# I suppose  use of a fowling blunt would be cheating...



## Big Don (Jul 1, 2014)

Just, you know, more realistic...


----------



## crushing (Jul 2, 2014)

I take it this is like paintball and it's people v. people.   I wonder how getting hit with one of those arrows feels compared to getting hit with a paintball?


----------



## donnaTKD (Jul 2, 2014)

prolly hurts a bit less but the bruises would be bigger cos the tips on the arrows are way bigger than a paintball


----------



## tshadowchaser (Jul 2, 2014)

I only see one arrow for each player dose that mean you win or lose with one shot


----------



## donnaTKD (Jul 2, 2014)

don't know - they're not carrying a quiver though so must be


----------



## Xue Sheng (Jul 2, 2014)

crushing said:


> I take it this is like paintball and it's people v. people.   I wonder how getting hit with one of those arrows feels compared to getting hit with a paintball?



It would depend on the draw strength of the bow


----------



## crushing (Jul 2, 2014)

Xue Sheng said:


> It would depend on the draw strength of the bow



Yes, like paintball and for safety, they probably have rules that put an upper limit on the speed.  Maybe 250 - 300 fps?


----------



## Xue Sheng (Jul 2, 2014)

crushing said:


> Yes, like paintball and for safety, they probably have rules that put an upper limit on the speed.  Maybe 250 - 300 fps?



They're recurve bows but I doubt they are the 40lbs draw type, even with the blunt that could do a heck of a lot of damage as the shaft went through the blunt end into the target.
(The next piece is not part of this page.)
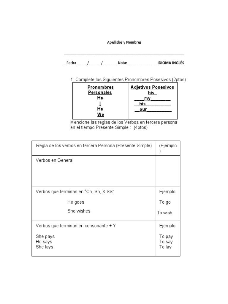 _ Fecha _____/______/_______ Nota: ______________ IDIOMA INGLÉS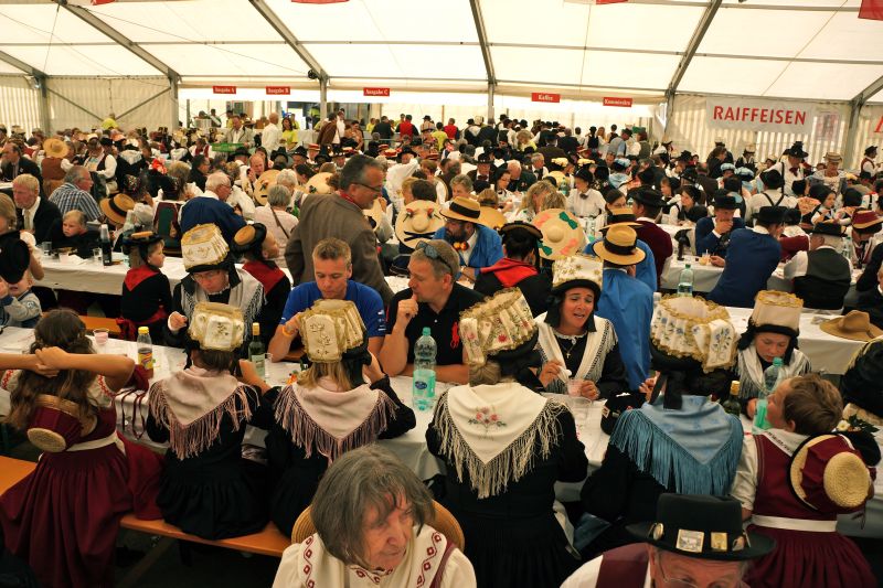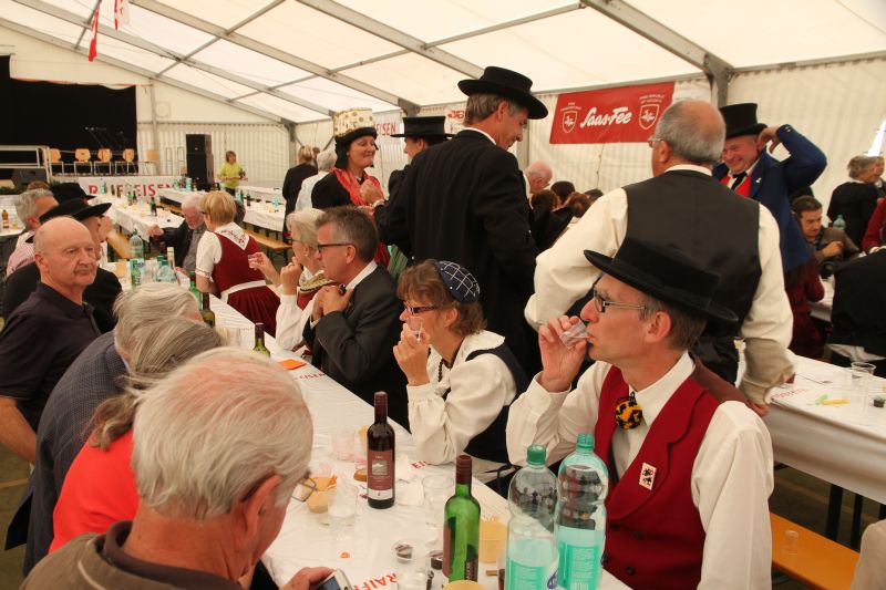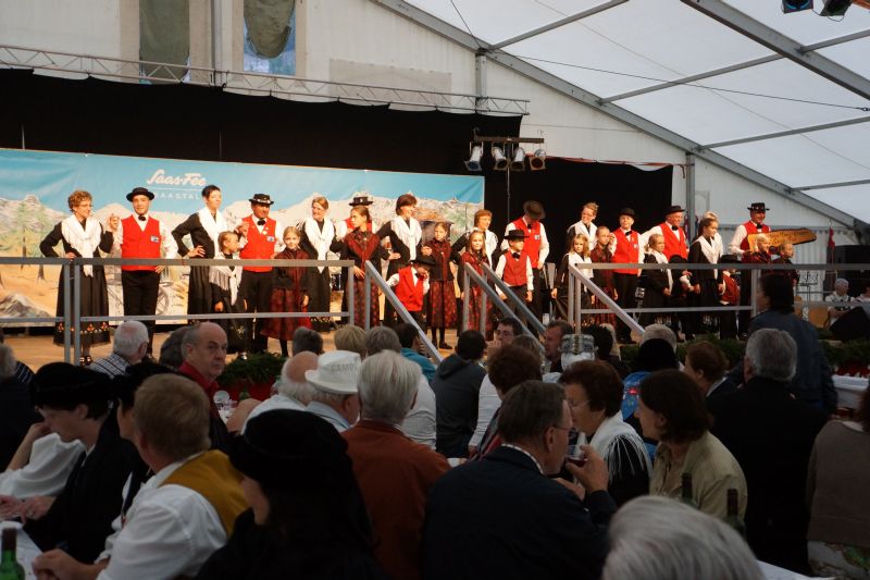 Am Nachmittag fand die Jahresversammlung der IVfW statt, die wegen des gedrängten Programms auf die sonst ausgedehnten Diskussionen verzichten musste und sich auf das Notwendigste beschränkte. Die Berichte der Vorstandsmitglieder und der Jahresbericht des Präsidenten zeigten auf, welche Tätigkeitsfülle der einzelnen Walsergebiete das Berichtsjahr umfasste. Dr. Max Waibel regte anschliessend in seinem fundierten Vortrag „Auf den Walserspuren von Mattmark nach Zermatt“ zu einer interessanten Wanderung an und vermittelte mit seinen Ausführungen kostbares Hintergrundwissen. Bernhard Andenmatten rückte den spirituellen Weg von Domodossola über den Antronapass ins Aastal in den Mittelpunkt seines Vortrags und untermalte seine Ausführungen wie sein Vorredner mit treffenden Bildern. Am Abend ging im Festzelt der Saaser Unterhaltungsabend mit Nachtessen und zahlreichen Auftritten verschiedener Musik- und Tanzgruppen im grossen Festzelt über die Bühne.

Likely they are no more than 15lb draw. probably 10...or possibly they are completely insane and going 20 or higher


----------



## Tgace (Jul 2, 2014)

tshadowchaser said:


> I only see one arrow for each player dose that mean you win or lose with one shot



I wonder if you can pick up misses shot at you?


----------



## Xue Sheng (Jul 2, 2014)

Just looked this up "Archery Tag" and it appears they allow up to 40lbs but they recommend 30 to 35 lbs...:hmm: and no throat protection in site....I'm thinking this more of a study in whether or not Darwin was right.

But these are the official arrows, and the tip looks like it is not at all aerodynamic and it may be soft enough so I could be wrong


----------



## Xue Sheng (Jul 2, 2014)

> I suppose  use of a fowling blunt would be cheating...



I'm thinking using any other blunt would be a real bad thing so fowling blunt would likely get you a red card 

My first thought however was a small game blunt....also would likely get you kicked out of the game


----------